There’s nothing like a hit of fresh jalapeño (or any fiery pepper really) to add a punch to our favorite meals. The variety of hot peppers out there always boggles my mind because there are so many with a wide variety of heat levels and flavor profiles.
Today we are focusing on jalapeños.
Did you know that the larger the jalapeño, the spicier it will be?
This has been the best tip I’ve ever gotten, because it allows me to quickly and easily figure out which pepper to use depending on how spicy I want a recipe to be that day.
The heat from chile peppers comes from capsaicin, the compound that can sting sensitive areas like your eyes and cause burning.
how to avoid the burn
Normally, I am pretty brazen when handling jalapeños. However, now that I have toddler who wants to be picked up every 10 minutes, I am trying to be more careful.
The best way to avoid the burn is to wear plastic latex gloves. I find this is the easiest solution to avoid having your skin come into direct contact with the pepper.
However, if you forget to put the gloves on and are in a desperate situation to stop the burn, you can use olive oil! It helps to dissolve the capsaicin, and even though it won’t completely erase the burning, it will help reduce it. Rub olive oil all over your hands well, then wash away with soap and water. The burn should go away within a couple of hours!
Note: you can also use vegetable oil instead of olive oil (helpful to know if you only purchase pricey olive oil and don’t want to waste it!).
what you’ll need
Jalapeño peppers, of course! Note that the larger the jalapeño pepper is, the spicier it will be.
You will only need a few pieces of equipment to seed a jalapeño. Grab your favorite chef’s knife and a cutting board. Then all you need is a spoon!
here’s how to seed a jalapeño
Start by removing the stem. This will make chopping and dicing the pepper much easier!
If you are using them for a jalapeño popper recipe, I recommend leaving the stem on to give yourself the best vehicle.
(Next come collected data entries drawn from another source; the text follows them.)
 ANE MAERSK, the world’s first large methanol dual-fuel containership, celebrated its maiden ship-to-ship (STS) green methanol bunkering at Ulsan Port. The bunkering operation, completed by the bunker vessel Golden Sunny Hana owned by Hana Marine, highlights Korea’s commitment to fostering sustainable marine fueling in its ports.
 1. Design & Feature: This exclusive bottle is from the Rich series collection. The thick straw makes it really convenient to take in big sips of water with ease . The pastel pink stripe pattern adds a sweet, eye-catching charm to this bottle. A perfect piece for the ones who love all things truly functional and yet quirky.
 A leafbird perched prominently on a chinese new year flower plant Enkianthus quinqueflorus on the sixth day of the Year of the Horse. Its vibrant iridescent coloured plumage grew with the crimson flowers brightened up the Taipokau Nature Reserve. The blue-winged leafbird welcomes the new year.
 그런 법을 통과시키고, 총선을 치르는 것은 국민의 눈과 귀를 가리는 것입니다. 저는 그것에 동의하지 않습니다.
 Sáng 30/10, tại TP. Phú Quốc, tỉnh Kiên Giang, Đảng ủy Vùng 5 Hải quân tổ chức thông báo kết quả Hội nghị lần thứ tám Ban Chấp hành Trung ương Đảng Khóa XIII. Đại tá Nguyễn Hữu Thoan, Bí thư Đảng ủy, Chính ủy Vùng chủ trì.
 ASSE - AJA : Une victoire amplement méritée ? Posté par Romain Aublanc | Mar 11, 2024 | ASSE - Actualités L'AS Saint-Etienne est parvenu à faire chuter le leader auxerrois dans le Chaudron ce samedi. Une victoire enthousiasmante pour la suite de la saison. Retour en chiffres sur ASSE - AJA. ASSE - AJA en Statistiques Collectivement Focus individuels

I also like the look of the stem on top!
remove seeds and membrane
Use a spoon to scoop out the seeds and membrane from the bottom of the pepper half to the top. It’s easier to remove the seeds in this upward motion because the seeds tend to get clustered at the bottom of the pepper when you scoop downwards. By scooping up, you can easily get all the seeds and membrane pieces out.
Should I be able to get it all out in one motion? Over time you will! Sometimes it still takes me a few motions to get it all out of there. Don’t stress about it if it takes a little time with the first couple of peppers. You will get used to the motion and improve with practice.
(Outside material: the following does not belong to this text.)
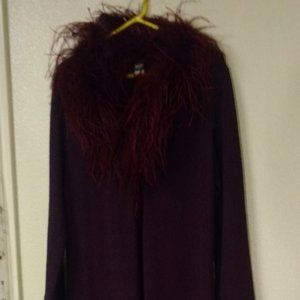 Burgundy Knit Maxi Coat with Feathered Collar✨
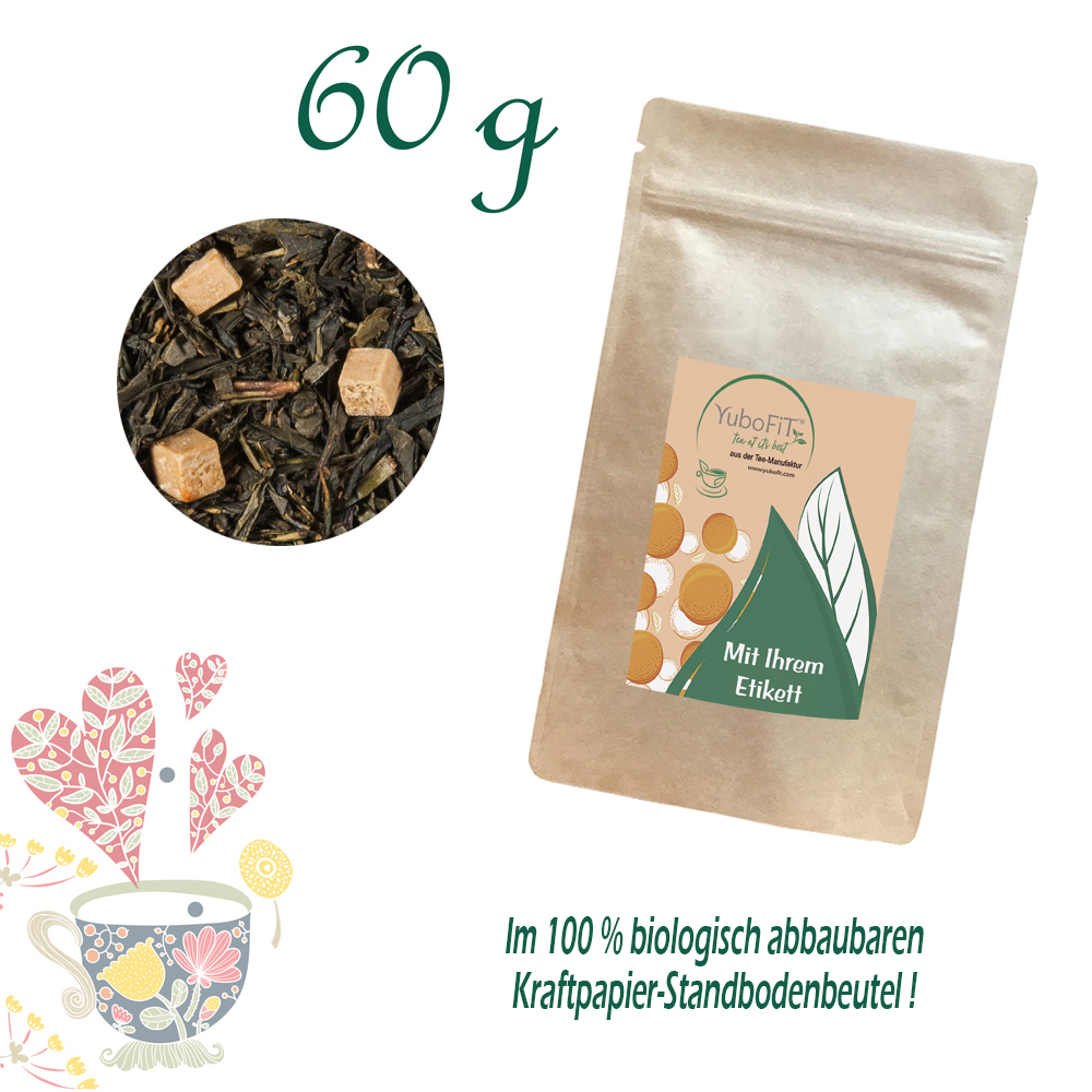 Grüner Tee China Sencha, Karamellstücke (gezuckerte Kondensmagermilch, Zucker, Glukosesirup, Butterfett, Feuchthaltemittel: E420, Emulgator: E471) (5 %), Aromen

Make sure to remove all of the seeds and membrane if you want a mild flavor added to the recipe. If you want some heat, you don’t have to be as thorough with scraping out every last seed and pieces of membrane.
tips for success
dice or mince by slicing the seeded jalapeño halves into long strips. Then cut crosswise into small bits.
wash up well! Don’t forget to wash your hands well after cutting any pepper if you aren’t using gloves! Also be sure to wash the cutting board and knife you used thoroughly. Generally, I recommend avoiding contact with your eyes, face, any cuts or sensitive areas until all the capsaicin is off your fingers. Use olive oil if you need to, as I mentioned above.
can I eat raw jalapeños?
Yes you can! You will find raw jalapeño in a variety of places from salads to salsas to dips. The biggest note to remember is that raw jalapeño is spicier than cooked jalapeño!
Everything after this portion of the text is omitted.